Leave your prejudices behind, teachers told

13th December 2002 at 00:00
David Henderson reports that the inspectorate's review of inclusion will soothe some teachers' grievances

Inspectors have reminded teachers to forget their prejudices and question how they can push all pupils to achieve.

Just because a pupil speaks with a harsh local accent, comes from a notorious housing scheme or family, or has a disability does not mean that he or she should not be set the same challenges or treated the same way as others, the inspectors argue.

Their shorthand warning to focus on individuals' potential talents and abilities is couched in studied officialese. "In setting expectations, staff need strenuously to avoid negative stereotypes or assumptions that might constrain attainment or reduce expectations for pupils from particular groups or backgrounds," they state.

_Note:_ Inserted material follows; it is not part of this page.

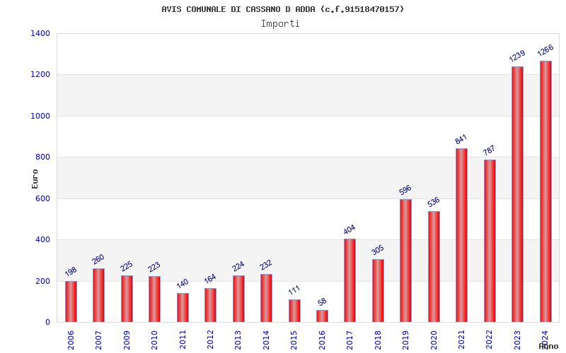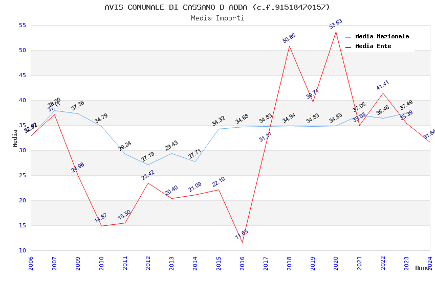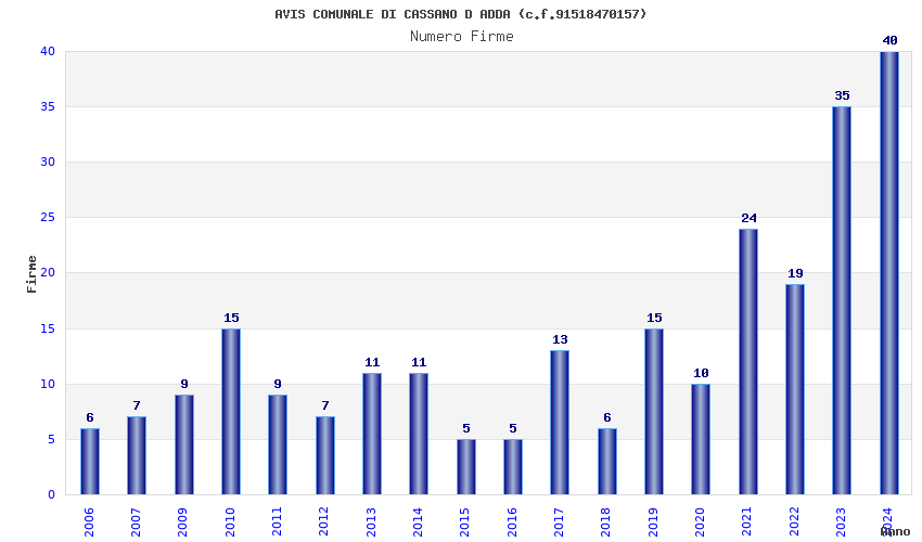 | Anno | Firme | Importi | Media | Naz. | Reg. | Prov. | Comu. |

A principal message is that schools should have high expectations to ensure all pupils gain something positive from schooling.

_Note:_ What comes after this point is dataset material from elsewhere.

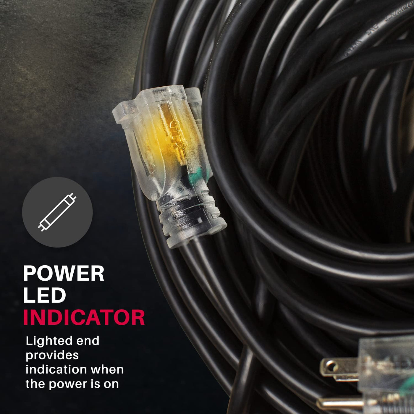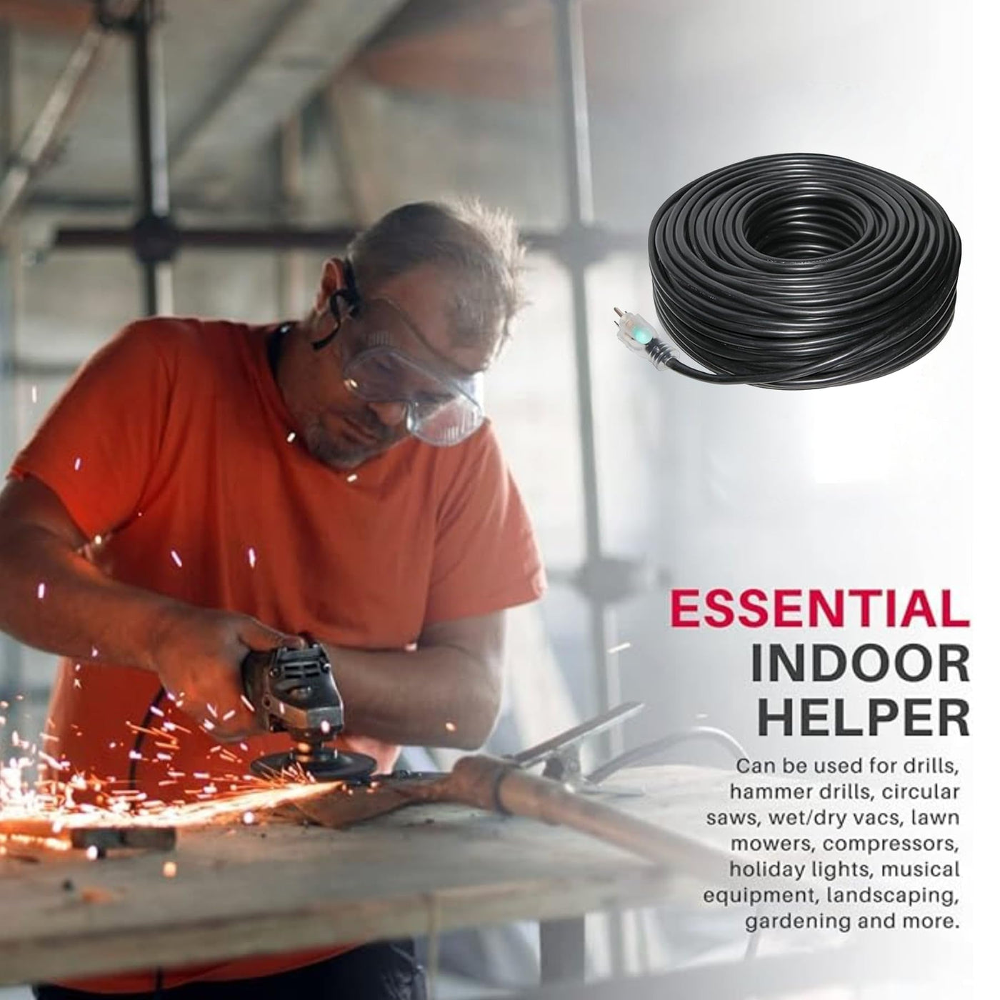 200Ft Power Outdoor Extension Cord & Indoor Waterproof Electric Drop Cord Cable 3 Prong Sjtw, 14 Gauge, 7 Amp, 125 Volts, 87

"Concern for high standards of attainment is absolutely consistent with the broad aims of social and educational inclusion. To a considerable extent it is by helping all pupils to achieve as well as they can that schools can most effectively maximise pupils' life chances and minimise the risk of social exclusion after leaving school," they say.

The HMI want all pupils to be successful in something, whether in developing personal and social skills or taking part in extra-curricular or community activities. "We need to find new ways of explicitly rewarding and celebrating the success of schools in meeting the challenges presented," the inspectors admit, while noting headteachers' view that schools are judged narrowly on the success of more able pupils in exam passes and national tests.

The inspectors believe schools need to be more flexible, particularly in the type of curriculum they offer and in styles of teaching, and the approach they need is the exact opposite of a "one size fits all" model. Inclusive education can be delivered in various settings, they insist.

On a final point, the inspectorate reinforces its consistent view that school leadership remains crucial.